And then, at the tail end of 1973, when she’d just turned thirty-two, Ellen initiated a breakup with Steve. He remembers it not as one defining incident—although their fights were at times acutely painful—but as a result of her amorphous desire for freedom and solitude. It wasn’t a clean break. She and Steve felt like family to each other, and for years they would occasionally sleep together after a night out on the town. But partnership never felt quite right. As she said to Steve, miffed after discovering he’d gone on a few dates with another woman: “You know, we were always better friends than we were lovers.” Looking back, Steve thinks she was probably right. “Ellen really did want to live on her own,” he reflected years later on the phone to me. “She wanted to have other relationships. She wanted to be by herself.”
And she would live alone, for six years after that, first in the place they once shared in Park Slope, then in a small apartment on Waverly Place in the West Village. Nostalgists might picture a modest but sunny studio, perhaps with dusty parquet floors and other prewar details. I certainly did as a young teen growing up with two professor parents in the nineties.
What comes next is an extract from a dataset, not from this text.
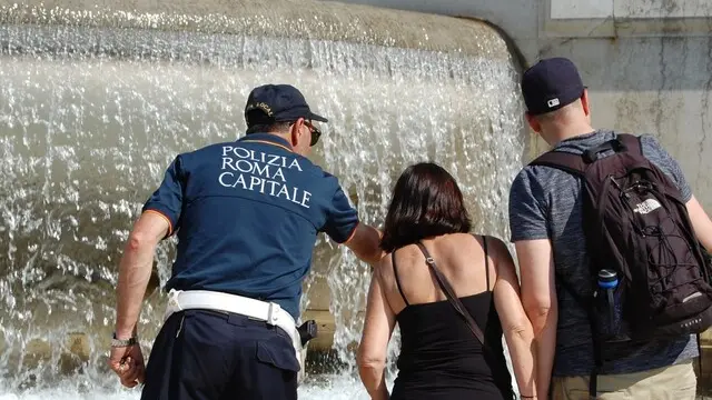 ROMA, 27 AGO - Erano da poco passate le 17.00 di ieri pomeriggio, quando gli agenti della Polizia Locale di Roma Capitale, impegnati nei quotidiani servizi di vigilanza nell'area di Piazza di Trevi, hanno individuato e fermato una donna intenta ad entrare all'interno della fontana monumentale, immergendo entrambe le gambe. La responsabile, un'italiana di 50 anni, è stata sanzionata per circa 450 euro, secondo quanto stabilito dal Regolamento di Polizia Urbana, oltre all'applicazione della misura dell'ordine di allontanamento.

By the time my mom got tenure at NYU and we moved into a university-owned apartment in 1995, Bleecker Street’s musicians and artists had long ago been replaced by drunk tourists and college freshmen brandishing fake IDs.
Sadly, old photos confirm that my mom’s place on Waverly did not fit my bohemian fantasy. It was shabby, without the chic. The floors were black-and-white-checkered linoleum, even in the bedroom; my mother’s thousands of records were held up by plywood and cinder blocks; her bed was a frameless mattress and box spring covered with tattered floral sheets. Still, this apartment was hers. It became the place she’d hole up and write (or have writer’s block) for days, eating marshmallow circus peanuts and blintzes from the Polish diner. It became a place she danced to Creedence Clearwater Revival, had affairs, gossiped with friends, and read books while chain-drinking coffee.